> [PROVIDED ENTRIES]
=== Section Start ===

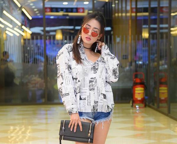 DJ Trang Moon giấu nhẹm đường cong nóng bỏng trong thiết kế áo rộng thùng thình kết hợp shorts jeans ngắn cũn.
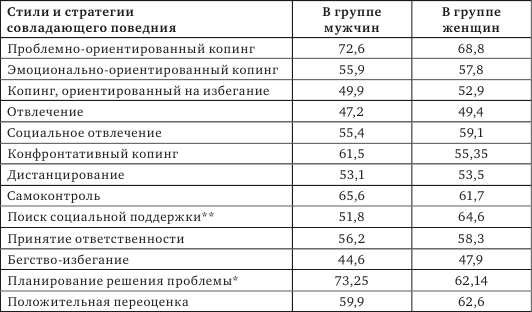 В целом выявленная нами специфика совладающего поведения супругов на данном этапе семейного развития свидетельствует о том, что зрелые супруги с возникающими трудностями совладают, чаще используя продуктивные и активные способы преодоления нагрузок в сочетании с поиском социальной поддержки.
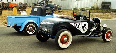 More History!Bob Waight's "Mickey Mouse" Racer and one of David Waight's 'A' Pickups (left). The Old Tin Aussie Ute and Dave & Glenn Waight's 'A' Roadster Hill Climb Champion (right). Click to see bigger pictures! 'A' Pickup under construction above left. For more information on these ready to go vehicles see our 'A' Pickup page. Shown right is the engine fitted to Dave & Glenn's No.16 Hill Climb Roadster. Click to see bigger pictures! The Old Tin retro Pickup 'A' Bomb "Felix" to the left and our latest vehicle o the right, an 'A' Model Delivery which is our parts hauler and swap meet vehicle. Click to see bigger pictures! David Waight Proud A Model Dealer & Four Banger Enthusiast
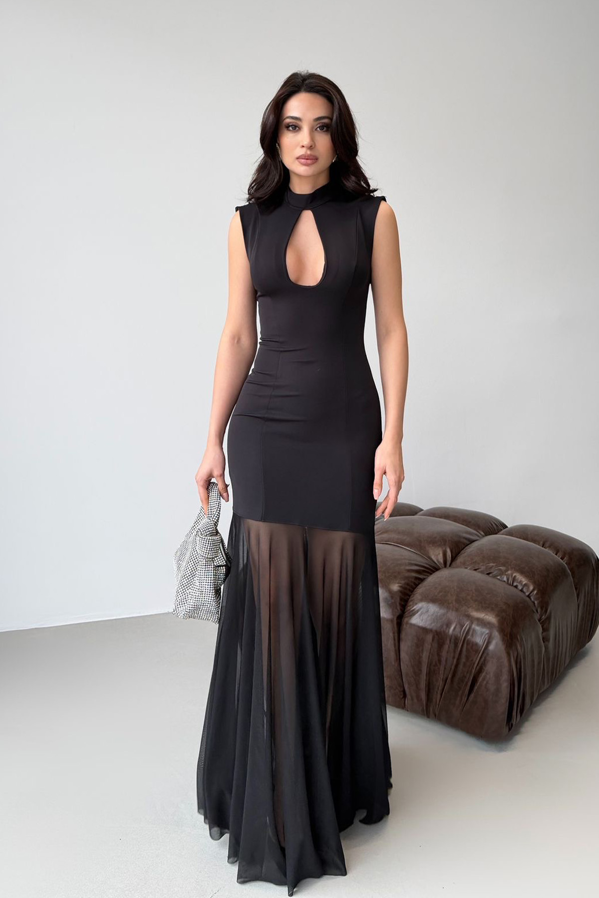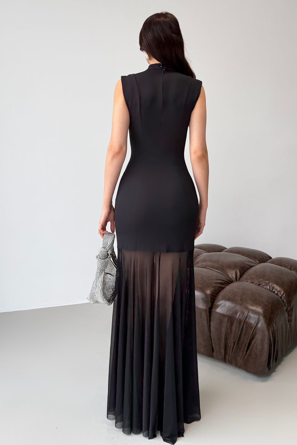 Eteği Tüllü Dökümlü Maxi Elbise 2776 - SİYAH-Siyah
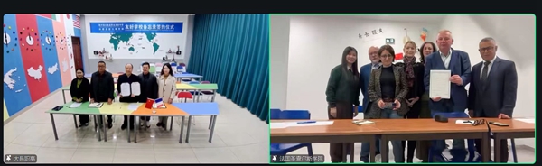 在双方参会人员的在线见证下,余治平书记与布里奥·亚历克西斯校长分别在友好学校合作备忘录上签字,并通过镜头展示签约文本,共同定格这一意义深远的时刻。
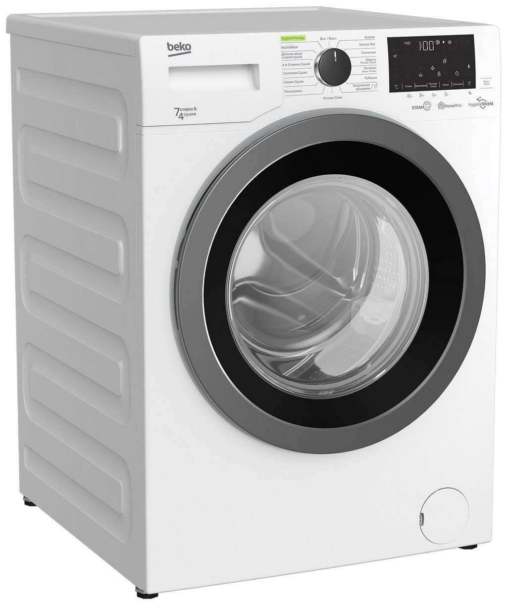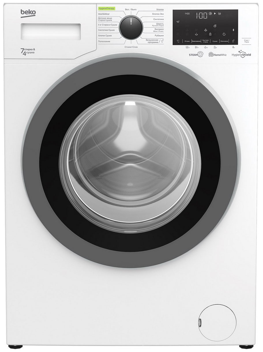 Белая стирально-сушильная машина шириной 60 см с сенсорным дисплеем. Вмещает 7 кг белья при стирке и 4 кг при сушке. Имеет 15 встроенных программ, автоматический контроль распределения белья, расхода воды и пенообразования, блокировку от детей. Оснащена технологией обработки паром SteamCure, которая размягчает въевшиеся загрязнения и облегчает глажку. Поддерживает управление через мобильное приложение HomeWhiz, которое позволяет включать и выключать машину, выбирать режим, а также следить за временем окончания программы. Надежность и долговечность обеспечивает нагревательный элемент Hi-Tech с никелированным покрытием, защищающим машину от накипи и ржавчины.
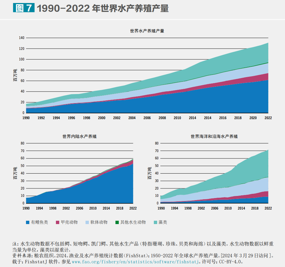 1990-2022年世界水產(chǎn)養(yǎng)殖產(chǎn)量變化圖。?糧農(nóng)組織

=== Section End ===

> [THE TASK] Set down each entry above exactly as it appears. Omit the pictures.

> [RESPONSE BOX]
 DJ Trang Moon giấu nhẹm đường cong nóng bỏng trong thiết kế áo rộng thùng thình kết hợp shorts jeans ngắn cũn.
 В целом выявленная нами специфика совладающего поведения супругов на данном этапе семейного развития свидетельствует о том, что зрелые супруги с возникающими трудностями совладают, чаще используя продуктивные и активные способы преодоления нагрузок в сочетании с поиском социальной поддержки.
 More History!Bob Waight's "Mickey Mouse" Racer and one of David Waight's 'A' Pickups (left). The Old Tin Aussie Ute and Dave & Glenn Waight's 'A' Roadster Hill Climb Champion (right). Click to see bigger pictures! 'A' Pickup under construction above left. For more information on these ready to go vehicles see our 'A' Pickup page. Shown right is the engine fitted to Dave & Glenn's No.16 Hill Climb Roadster. Click to see bigger pictures! The Old Tin retro Pickup 'A' Bomb "Felix" to the left and our latest vehicle o the right, an 'A' Model Delivery which is our parts hauler and swap meet vehicle. Click to see bigger pictures! David Waight Proud A Model Dealer & Four Banger Enthusiast
 Eteği Tüllü Dökümlü Maxi Elbise 2776 - SİYAH-Siyah
 在双方参会人员的在线见证下,余治平书记与布里奥·亚历克西斯校长分别在友好学校合作备忘录上签字,并通过镜头展示签约文本,共同定格这一意义深远的时刻。
 Белая стирально-сушильная машина шириной 60 см с сенсорным дисплеем. Вмещает 7 кг белья при стирке и 4 кг при сушке. Имеет 15 встроенных программ, автоматический контроль распределения белья, расхода воды и пенообразования, блокировку от детей. Оснащена технологией обработки паром SteamCure, которая размягчает въевшиеся загрязнения и облегчает глажку. Поддерживает управление через мобильное приложение HomeWhiz, которое позволяет включать и выключать машину, выбирать режим, а также следить за временем окончания программы. Надежность и долговечность обеспечивает нагревательный элемент Hi-Tech с никелированным покрытием, защищающим машину от накипи и ржавчины.
 1990-2022年世界水產(chǎn)養(yǎng)殖產(chǎn)量變化圖。?糧農(nóng)組織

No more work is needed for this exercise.